AI in Medicine: Curae ex Machina
Posts
Beware the Mirage: How Physicians Can Prevent Erroneous Citations When Using Generative AI

Beware the Mirage: How Physicians Can Prevent Erroneous Citations When Using Generative AI

Campion Quinn
April 12, 2025

By Campion Quinn, MD

The Rise of AI in Medical Writing

Generative AI is becoming a powerful assistant in medical writing. From summarizing clinical notes to helping craft review articles and patient instructions, large language models (LLMs) like ChatGPT, Claude, and Med-PaLM are increasingly popular among physicians. In a 2023 survey of clinicians by Stanford Medicine, nearly 28% of respondents reported using AI tools in some capacity for drafting documentation, research, or presentations[^1].

However, with this convenience comes a significant challenge: AI-generated hallucinations. One of the most dangerous forms involves fake citations—references that look authentic but do not actually exist. These phantom sources often include plausible-sounding article titles, real journal names, and fabricated DOIs. When not caught, they can compromise scientific integrity, mislead readers, and propagate misinformation in clinical and academic settings.

---

A Case of Misplaced Trust

Consider the case of a hospitalist preparing a grand rounds presentation on new treatments for atrial fibrillation. They ask ChatGPT to “list five recent randomized controlled trials on atrial fibrillation management and cite them in AMA format.” The model quickly produces five polished references, complete with journal names, issue numbers, and PMIDs.

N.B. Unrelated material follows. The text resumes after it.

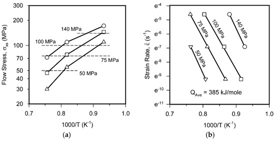 - Sherby, O.D.; Burke, P.M. Mechanical behavior of crystalline solids at elevated temperature. Prog. Mater. Sci. 1967, 13, 325–390. [Google Scholar] [CrossRef]

On closer inspection, however, two of the articles are completely fictional. The titles are not listed in PubMed, the author combinations are incorrect, and the DOIs are invalid. Had these gone unnoticed, the physician could have presented data that had never been published—an outcome that risks professional embarrassment or worse.

---

How AI Hallucinates Citations

At its core, an LLM is a probabilistic text generator. It does not search PubMed or clinical databases in real time. Instead, it predicts the next most likely word or phrase based on patterns learned during training. When prompted for a citation, it assembles text that statistically resembles real academic references.

This phenomenon—termed “hallucination”—occurs for several reasons:

1. Lack of Real-Time Verification: Unless connected to a search-enabled tool (e.g., Bing, Scite, or PubMed plugins), the model cannot distinguish between actual and fabricated content[^2].

2. Overgeneralization: LLMs generalize from their training data. If they “see” thousands of reference formats, they learn to reproduce those formats—even without understanding factual accuracy[^3].

3. Ambiguous Prompts: Vague queries like “give me studies about diabetes” invite the model to fill gaps with statistically probable—but not verified—content.

---

The Scale of the Problem

This issue is not confined to medicine. A March 2024 report by the Columbia Journalism Review tested eight AI-powered search tools, including You.com, Perplexity, and Arc. All engines demonstrated a tendency to misattribute, fabricate, or mangle citations. In several instances, articles were credited to the wrong outlets or didn’t exist at all[^4].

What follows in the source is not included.